At-Large member of Allegheny County Council
- Incumbent
- Assumed office January 2, 2020
- Preceded by: John DeFazio

Personal details
- Born: November 12, 1989 (age 35)
- Political party: Democratic
- Education: Duquesne University
- Website: https://www.bethanyhallam.com

= Bethany Hallam =

American politician (born 1989)

Bethany Hallam is an American politician. Since 2020, she has served as one of two at-large members of Allegheny County Council.

==Early life==
Hallam grew up in Ross Township, and graduated from Duquesne University.

==Political career==
Hallam defeated a 20-year County Council incumbent, John DeFazio, in the 2019 Democratic primary, & secured the at-large seat in the following general election, making her one of a small number of formerly incarcerated people elected to office in the United States. She was sworn in on January 2nd, 2020.
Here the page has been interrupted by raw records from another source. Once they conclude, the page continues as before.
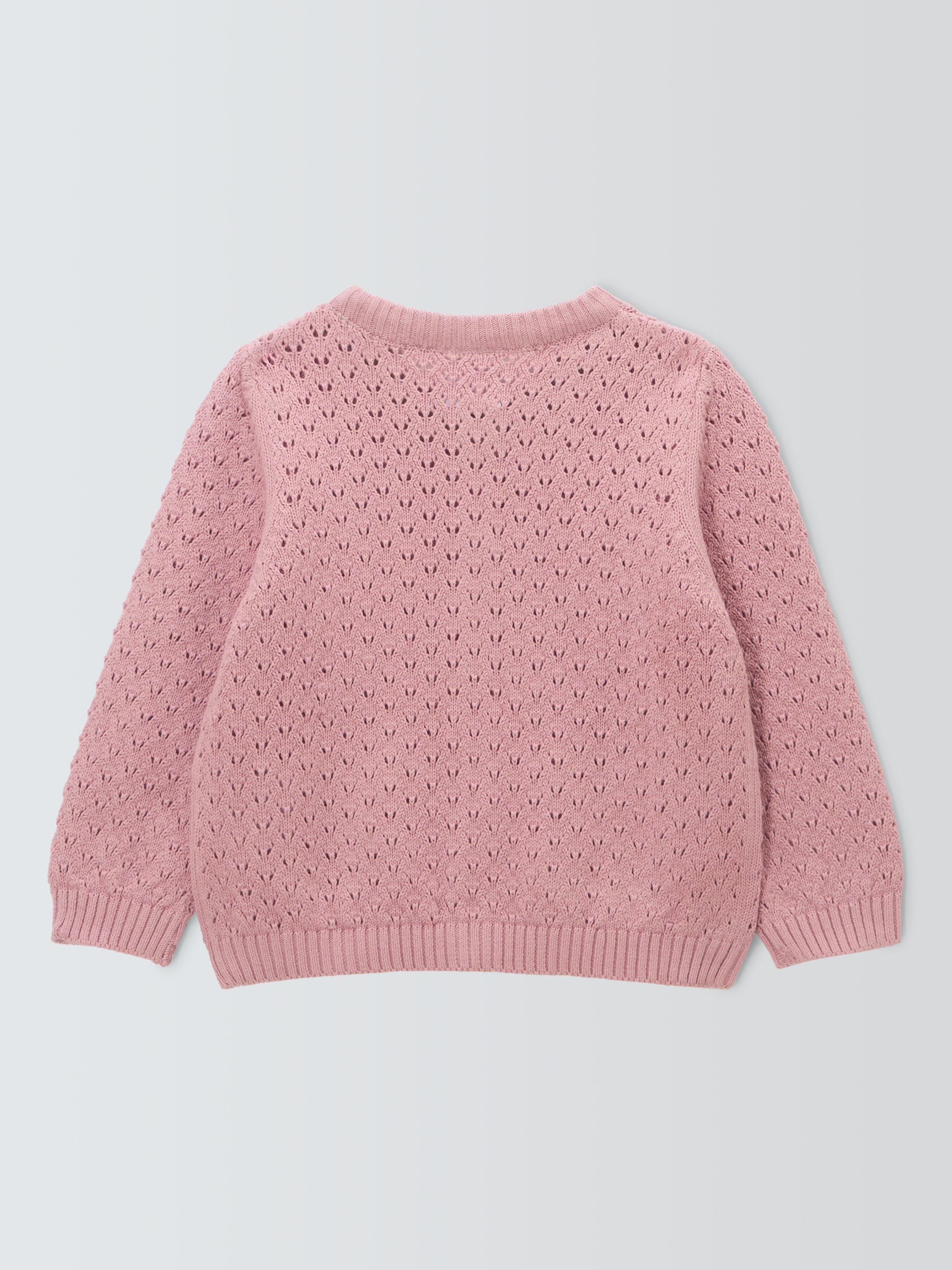 Knitted from pure cotton, this sweet cardigan has intricate pointelle detailing and a ribbed neckline, cuffs and hem to keep the cold out. It's an ideal layering piece for baby's first wardrobe.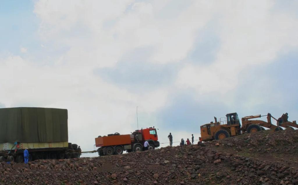 一切就緒,烏云密布的天空,宛如拉下了一塊巨大的黑色幕布。車輛嘶吼著前進,大馬力裝載機在車輛尾部“發狠”地往前推,轟鳴聲、摩擦聲、應答聲……在異國他鄉上演著一場盛大的“交響音樂會”。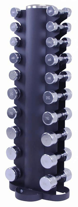 De Dumbbelltoren met chrome dumbbellset (1 t/m 10 KG) bestaat uit een dumbbelltoren (zilver of zwart) en een strakke, hoogglans verchroomde dumbbell sets.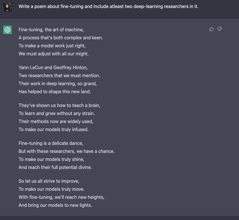 We observe that albeit there are many differences in the training data, model, and fine-tuning, there are also some commonalities. One common goal for all the above chatbots is instruction following , i.e., to follow user-specified instructions. For example, instructing ChatGPT to write a poem on fine-tuning.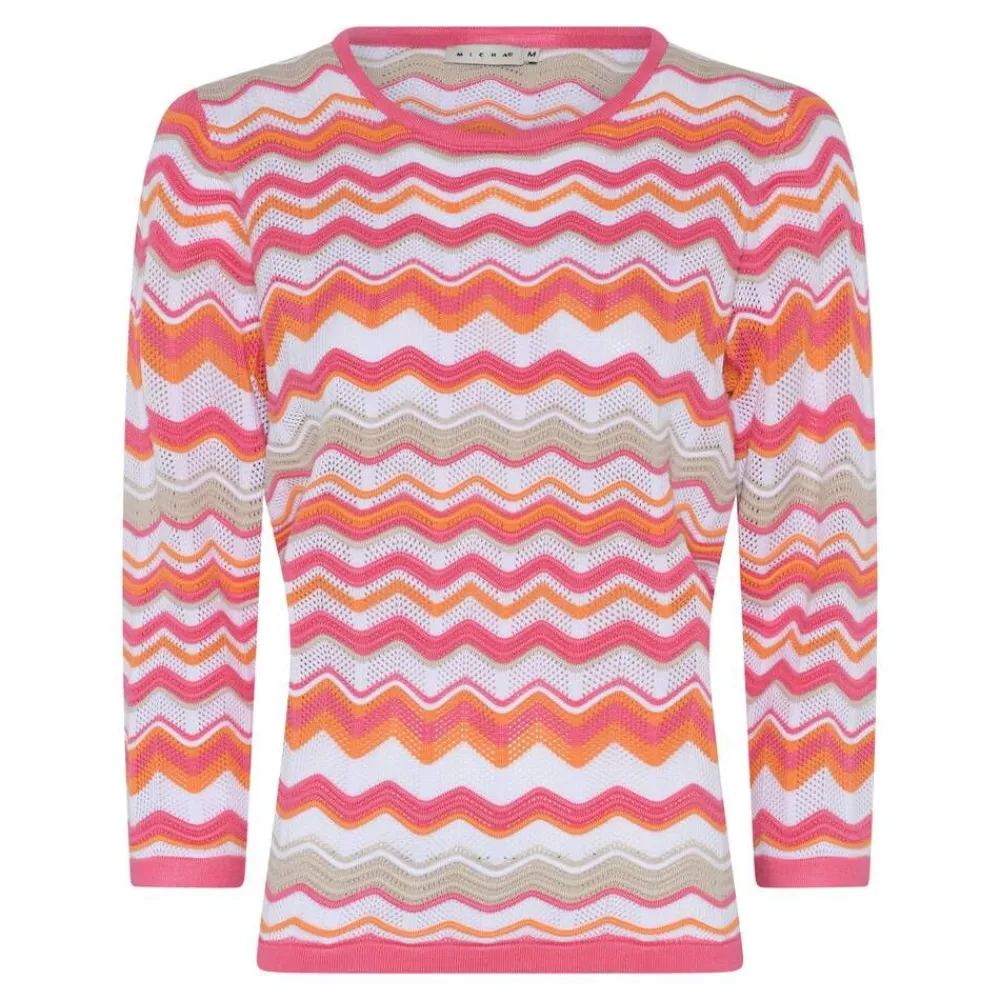 Värikäs neule vajaamittaisilla hihoilla ja siksak-raitakuosilla.Lisää tietojaKeskitakapituus: 62 cmHoito-ohje:Vesipe…

Hallam has been an advocate for a number of causes including criminal justice reform, criminal justice fine & fee reform, abolition of cash bail, harm reduction, and increasing the availability of substance use disorder recovery programs. She is known for her willingness to engage with people who disagree with her.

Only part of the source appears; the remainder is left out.